VARICOSE VEINS AND OTHER TRAGEDIES

 

They are the butt of jokes, the dread of women and the disgust of men. They are a scourge of aging and a mark of ugliness. They make it impossible to feel comfortable in skirts , dresses, and bathing suits. The saving grace on the fashion scene is the popularity of pants and long skirts.

Even though varicose veins are associated with aging women, my problem began when I was a teen-ager. By the age of seventeen I was self-conscious about those ugly bulges and discolorations along my legs. I was so self-conscious about them that when I became a counsellor in summer camp I wrapped the leg in an ace bandage stretching from my ankle to my knee.
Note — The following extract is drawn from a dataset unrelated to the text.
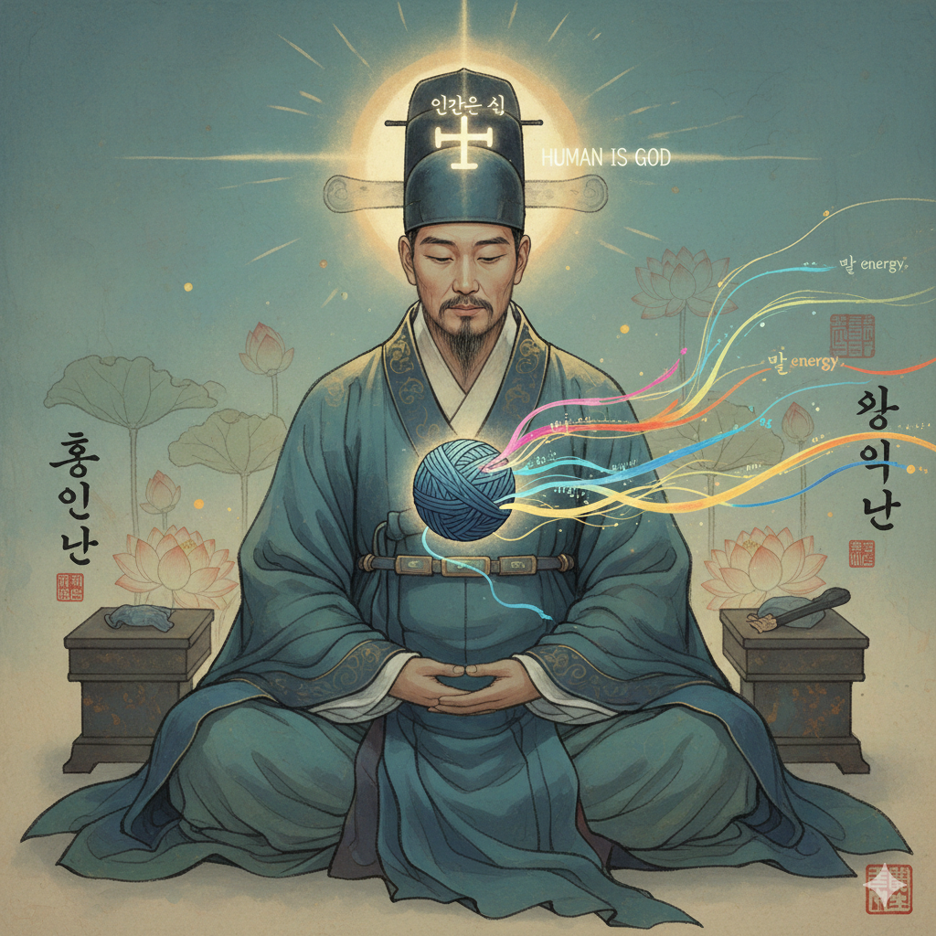 - English Prompt: In a serene, spiritual East Asian style study, a neatly dressed scholar sits in peaceful meditation. Above their head, a symbol glowing like "gentry" (벼슬) with the text "Human is Divine" (인간은 신) radiates as an aura. From their chest, dark blue tangled threads, symbolizing "stiflement," slowly unravel into vibrant, luminous "word" energies. Lotus motifs and "Hongik Ingan" characters harmoniously glow in the background, visualizing a journey from contemplation to enlightenment.

I told anyone who asked that I had a torn ligament. (Isn’t it interesting that a torn ligament is socially acceptable but Varicose veins are not?)
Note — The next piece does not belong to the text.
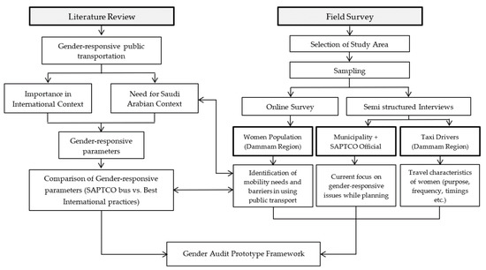 The study is cross-sectional and the survey data were collected from four different respondents, including a women population, employees of the SAPTCO and Dammam Municipality, and the taxi drivers. Among all four respondents, the data were collected using semi-structured questionnaires. Furthermore, the questionnaires were translated into Arabic to deal with the respondents’ language barriers, particularly for the women and municipal officials.

Many women dislike wearing panty hose but not me; I appreciate the extra coverage it offers in the endless attempt to cover and conceal ugly veins.

At eighteen I underwent surgery to remove the veins: a drastic measure for a desperate cause. Unfortunately it was also for an un-winnable cause, because what was removed from one spot popped out in another.

Then I went through series of injections of the veins hoping to be finally free of them.

After having three babies I endured another surgery to once and for all relieve the world of having to look at those ugly veins forever. That’s when I learned that forever is an iffy time, impossible to attain or promise.

The battle was won but not by me. There was no such thing, it seemed, to erase the transit ugly lines throughout my legs. I had to admit that that I am cursed with varicose veins. The money I have spent, the pain I have endured and the shame I have felt were all a waste of time and energy.

What has helped the most is a makeup, Dermablend, designed specifically for covering body discolorations.

It could be worse; there are many conditions that are far more serious and dangerous. Many would happily exchange my problem for theirs.

And so I have become philosophical about accepting and dealing with issues I cannot change. Will people avoid me because I have Varicose Veins, or “VV” as a TV commercial might call it? Will I be blacklisted from society? Will I ruin my chances at becoming the first woman president because of discolored legs?

So I have choices; I can ignore mid-thigh skirts and think twice about wearing shorts in summer and not flaunt my legs. Or if I don’t care, and choose to show these gams to the world I am free to do so. These “VVs” are part of my reality but they will no longer cause me to hide in embarrassment.